Re: [PATCH v2 8/8] memcg: accounting for ldt_struct objects

Michal Hocko <mhocko@xxxxxxxx> · Mon, 15 Mar 2021 16:58:32 +0100

On Mon 15-03-21 08:48:26, Shakeel Butt wrote:
> On Mon, Mar 15, 2021 at 6:27 AM Borislav Petkov <bp@xxxxxxxxx> wrote:
> >
> > On Mon, Mar 15, 2021 at 03:24:01PM +0300, Vasily Averin wrote:
> > > Unprivileged user inside memcg-limited container can create
> > > non-accounted multi-page per-thread kernel objects for LDT
> >
> > I have hard time parsing this commit message.
> >
> > And I'm CCed only on patch 8 of what looks like a patchset.
> >
> > And that patchset is not on lkml so I can't find the rest to read about
> > it, perhaps linux-mm.
> >
> > /me goes and finds it on lore
> >
> > I can see some bits and pieces, this, for example:
> >
> > https://lore.kernel.org/linux-mm/05c448c7-d992-8d80-b423-b80bf5446d7c@xxxxxxxxxxxxx/
> >
> >  ( Btw, that version has your SOB and this patch doesn't even have a
> >    Signed-off-by. Next time, run your whole set through checkpatch please
> >    before sending. )
> >
> > Now, this URL above talks about OOM, ok, that gets me close to the "why"
> > this patch.
> >
> > From a quick look at the ldt.c code, we allow a single LDT struct per
> > mm.
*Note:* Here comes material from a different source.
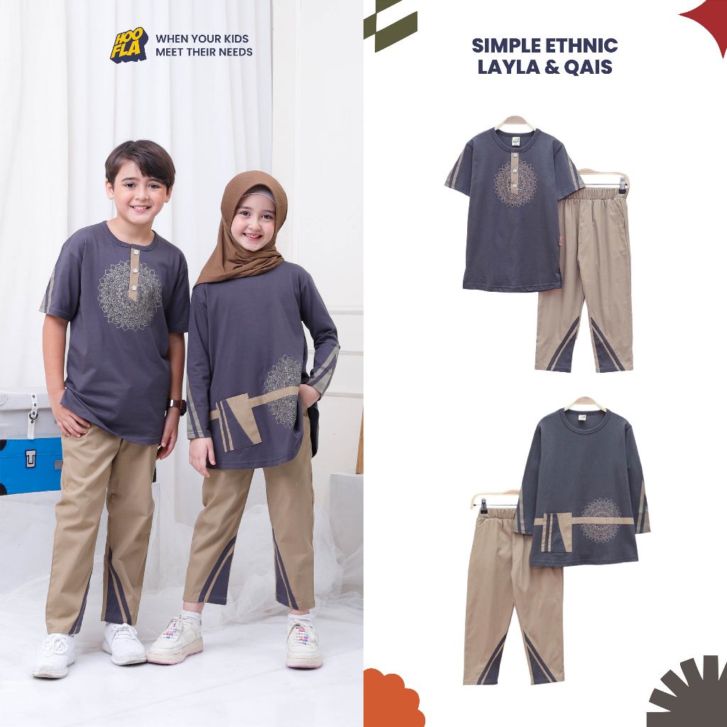 [Star] Hoofla Simple Etnic Layla & Qais Baju Anak Laki-Laki 5-12 Tahun Setelan Casual Muslim Dark Grey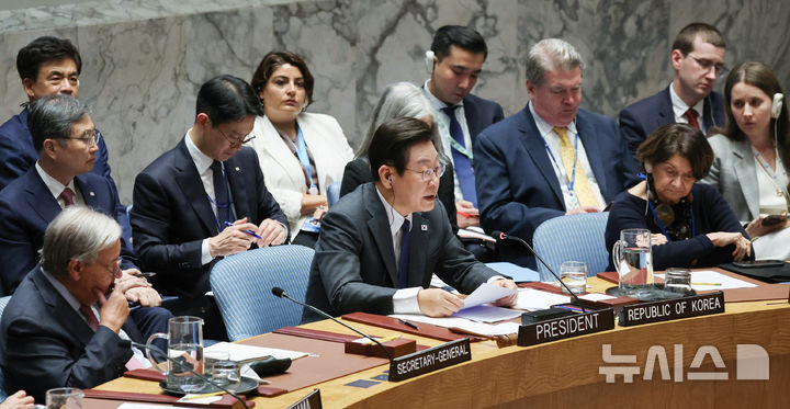 [뉴욕=뉴시스] 최동준 기자 = 이재명 대통령이 24일(현지 시간) 미국 뉴욕 유엔본부에서 열린 안전보장이사회에서 의장 자격으로 공개 토의를 주재하며 국별발언을 하고 있다. 2025.09.25. [email protected]

Manpage says so too:
> >
> > DESCRIPTION
> >        modify_ldt()  reads  or  writes  the local descriptor table (LDT) for a process.
> >        The LDT is an array of segment descriptors that can be referenced by user  code.
> >        Linux  allows  processes  to configure a per-process (actually per-mm) LDT.
> >
> > We allow
> >
> > /* Maximum number of LDT entries supported. */
> > #define LDT_ENTRIES     8192
> >
> > so there's an upper limit per mm.
> >
> > Now, please explain what is this accounting for?
> >
> 
> Let me try to provide the reasoning at least from my perspective.
> There are legitimate workloads with hundreds of processes and there
> can be hundreds of workloads running on large machines. The
> unaccounted memory can cause isolation issues between the workloads
> particularly on highly utilized machines.

It would be better to be explicit

8192 * 8 = 64kB * number_of_tasks

so realistically this is in range of lower megabytes. Is this worth the
memcg accounting overhead? Maybe yes but what kind of workloads really
care?

-- 
Michal Hocko
SUSE Labs